26 of 160 comments (clear)

  1. Imagine by BumbaCLot · · Score: 5, Funny

    A beowulf cluster of these! FP

    1. Re:Imagine by Ogi_UnixNut · · Score: 5, Interesting

      Yeah, except back in the 2000's people would be thinking it is a cool idea, and would be at least 4 other people who have recently done it and can give tips.

      Now it is just people saying "Meh, throw it away and buy newer more powerful boxes". True, and the rational choice, but still rather bland...

      I remember when nerds here were willing to do all kinds of crazy things, even if they were not a good long term solution. Maybe we all just grew old and crotchety or something :P

      (Spoken as someone who had a lot of fun building an openmosix cluster from old AMD 1.2GHz machines my uni threw out.)

    2. Re:Imagine by CanHasDIY · · Score: 4, Insightful

      You should put the money towards modern 1U nodes rather than a bunch of low volume and high cost chassis parts to try to assemble your frankenrack of used equipment.

      Methinks you've missed the key purpose of using old equipment one already owns...

      --
      An enigma, wrapped in a riddle, shrouded in bacon and cheese
  2. Don't do it by damn_registrars · · Score: 4, Insightful

    Seriously, it isn't worth your effort - especially if you want something reliable. People who set out to make homemade clusters find out the hard way about design issues that reduce the life expectancy of their cluster. There are professionals who can build you a proper cluster for not a lot of money if you really want your own, or even better you can rent time on someone else's cluster.

    --
    Damn_registrars has no butt-hole. Damn_registrars has no use for a butt-hole.
    1. Re:Don't do it by Impy+the+Impiuos+Imp · · Score: 3, Insightful

      Get an older, CUDA-capable card and have your whoever write code for it instead. I doubled all my SETI work units over 10 years in just 2 weeks.

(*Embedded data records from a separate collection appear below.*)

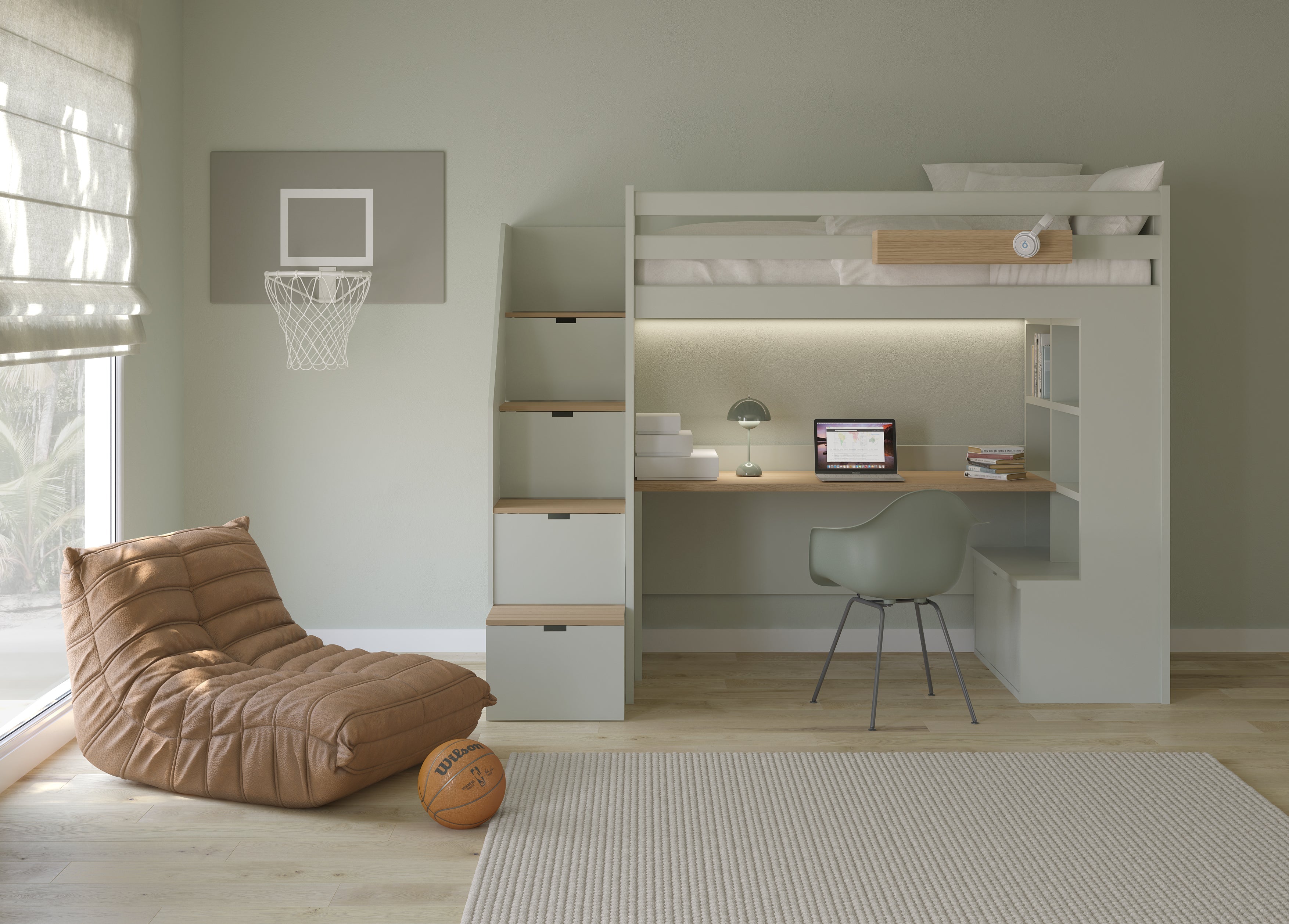This loft bed is more than just a place to sleep — it's a multifunctional space that adapts to your child's needs. Whether it's homework, reading, or storing toys, everything has its place. The combination of form and function ensures that your child's room remains organised and stylish.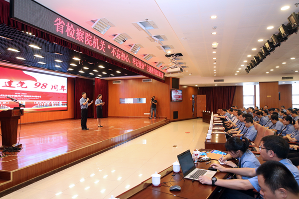 7月1日上午,在省委主题教育第一巡回指导组组长、省政协常委、提案委副主任崔永平与省委主题教育第一巡回指导组成员、省财政厅副调研员彭曙光精心指导和参与下,湖南省检察院机关庆祝建党98周年暨微党课决赛比赛大会在国家检察官学院湖南分院四楼进行。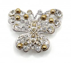 Silvertone with crystal accents. It is about 2 inches wide, 1.5 inch long. In excellent condition. Price: $39.00 Sale Price: $15.00 You Save: $24.00 (62%)

A CPU is just a farmer throwing food to the racehorse nowadays.

      --
      (-1: Post disagrees with my already-settled worldview) is not a valid mod option.
    2. Re:Don't do it by Anonymous Coward · · Score: 5, Insightful

      Seriously, it isn't worth your effort - especially if you want something reliable. People who set out to make homemade clusters find out the hard way about design issues that reduce the life expectancy of their cluster. There are professionals who can build you a proper cluster for not a lot of money if you really want your own, or even better you can rent time on someone else's cluster.

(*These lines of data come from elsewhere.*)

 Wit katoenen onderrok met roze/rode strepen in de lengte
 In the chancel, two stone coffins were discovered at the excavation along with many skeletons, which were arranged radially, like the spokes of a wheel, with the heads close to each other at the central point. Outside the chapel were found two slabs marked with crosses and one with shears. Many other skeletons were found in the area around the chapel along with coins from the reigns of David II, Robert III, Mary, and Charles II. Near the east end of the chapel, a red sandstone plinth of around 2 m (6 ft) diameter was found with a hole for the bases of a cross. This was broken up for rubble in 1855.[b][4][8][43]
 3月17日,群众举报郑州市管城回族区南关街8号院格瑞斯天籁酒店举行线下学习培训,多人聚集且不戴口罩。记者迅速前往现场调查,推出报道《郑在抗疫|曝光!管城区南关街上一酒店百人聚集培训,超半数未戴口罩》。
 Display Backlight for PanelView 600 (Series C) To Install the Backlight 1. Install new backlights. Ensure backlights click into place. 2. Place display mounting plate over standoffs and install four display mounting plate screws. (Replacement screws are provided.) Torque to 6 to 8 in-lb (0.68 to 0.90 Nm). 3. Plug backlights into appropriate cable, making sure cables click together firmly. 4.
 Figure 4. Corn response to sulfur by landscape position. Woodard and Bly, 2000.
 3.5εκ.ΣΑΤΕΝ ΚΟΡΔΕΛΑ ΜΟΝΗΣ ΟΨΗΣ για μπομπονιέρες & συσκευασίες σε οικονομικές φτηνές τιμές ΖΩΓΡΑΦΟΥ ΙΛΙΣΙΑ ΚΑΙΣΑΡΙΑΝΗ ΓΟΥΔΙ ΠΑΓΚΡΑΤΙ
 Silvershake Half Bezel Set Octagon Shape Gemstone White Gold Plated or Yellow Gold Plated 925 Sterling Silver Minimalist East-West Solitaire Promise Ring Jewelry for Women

      If the goal of this is reliable performance, you're absolutely right. But if the goal is to teach yourself about distributed computing, networking, diskless booting, all the issues that come up in building a cluster, on the cheap - then this is a great idea. Just don't expect much from the end product - you'll get more performance a modern box with 10s of cores on a single MB.

    3. Re:Don't do it by cbiltcliffe · · Score: 4, Informative

      For general purpose computing, you are correct. It wouldn't be pessimistic at all for one computer to go malfunctioning every week.

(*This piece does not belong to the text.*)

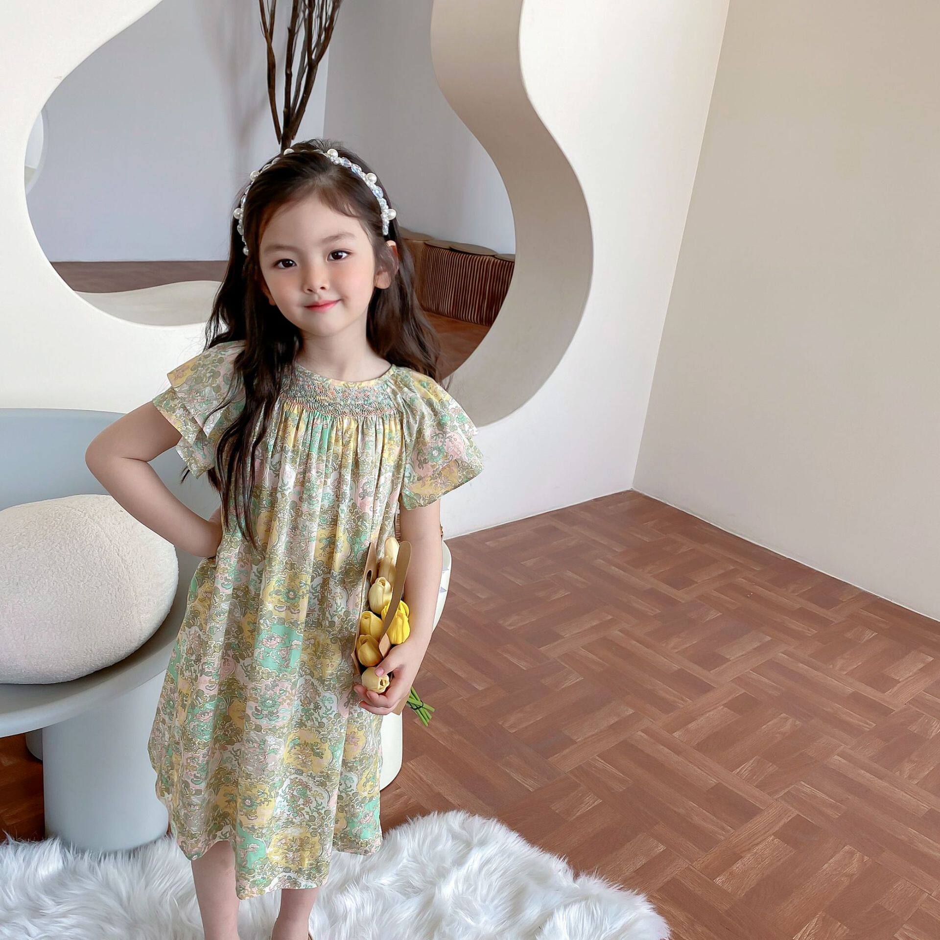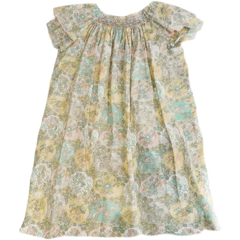 bp same girl girl Yinglen retro printed double layer 1 4 inch sleeve wrench sleeve foreign dress Children pure cotton Swept Swept dresses

      Huh? E8000 Core2 Duos are not that old. I've got a rack of a half dozen Pentium IIIs that I've run for years without problems. What kind of crap hardware do you run where you're expecting 1 failure out of 14 machines every week?

      This is assuming, of course, that when you set up the cluster in the first place, that you check motherboards for bad caps, loose cooling fans, etc, and discard/repair anything that looks even like it might possibly fail. Considering the effort this guy seems to be going to, that's probably (but I've been wrong about that kind of thing before) a given.
      From the pics, these are BTX machines, which in my experience have better cooling than ATX, and are less likely to have overheated, failing caps in the first place.

      --
      "City hall" in German is "Rathaus" Kinda explains a few things......
  3. don't rule out by v1 · · Score: 5, Insightful

    throwing gear away or giving it away. Just because you have it doesn't mean to have to, or should use it. If energy and space efficiency are important, you need to carefully consider what you are reusing. Sure, what you have now may have already fallen off the depreciation books, but if it's going to draw twice the power and take double the space that newer used kit would, it may not be the best option, even when the other options involve purchasing new or newer-used gear.

    Not saying you need to do this, just recommending you keep an open mind and don't be afraid to do what needs to be done if you find it necessary.

    --
    I work for the Department of Redundancy Department.
    1. Re:don't rule out by eyegor · · Score: 4, Interesting

      Totally agree. We had a bunch of dual dual-core server blades that were freed up and after looking at the power requirements per core for the old systems we decided it would be cheaper in the long run to retire the old servers and buy a fewer number of higher density servers.

      The old blades drew 80 watts/core (320 watts) and the new ones which had dual sixteen-core Opterons drew 10 watts/core for the same amount of overall power. That's a no brainer when you consider that these systems run 24/7 with all CPUs pegged. More cores in production means your jobs finish up faster, you'll be able to have more users and more jobs running and use much less power in the long run.

      --

      Don't anthropomorphize computers, they don't like it.
    2. Re:don't rule out by nine-times · · Score: 4, Insightful

      I agree. I've been doing IT for a while now, and this is the kind of thing that *sounds* good, but generally won't work out very well.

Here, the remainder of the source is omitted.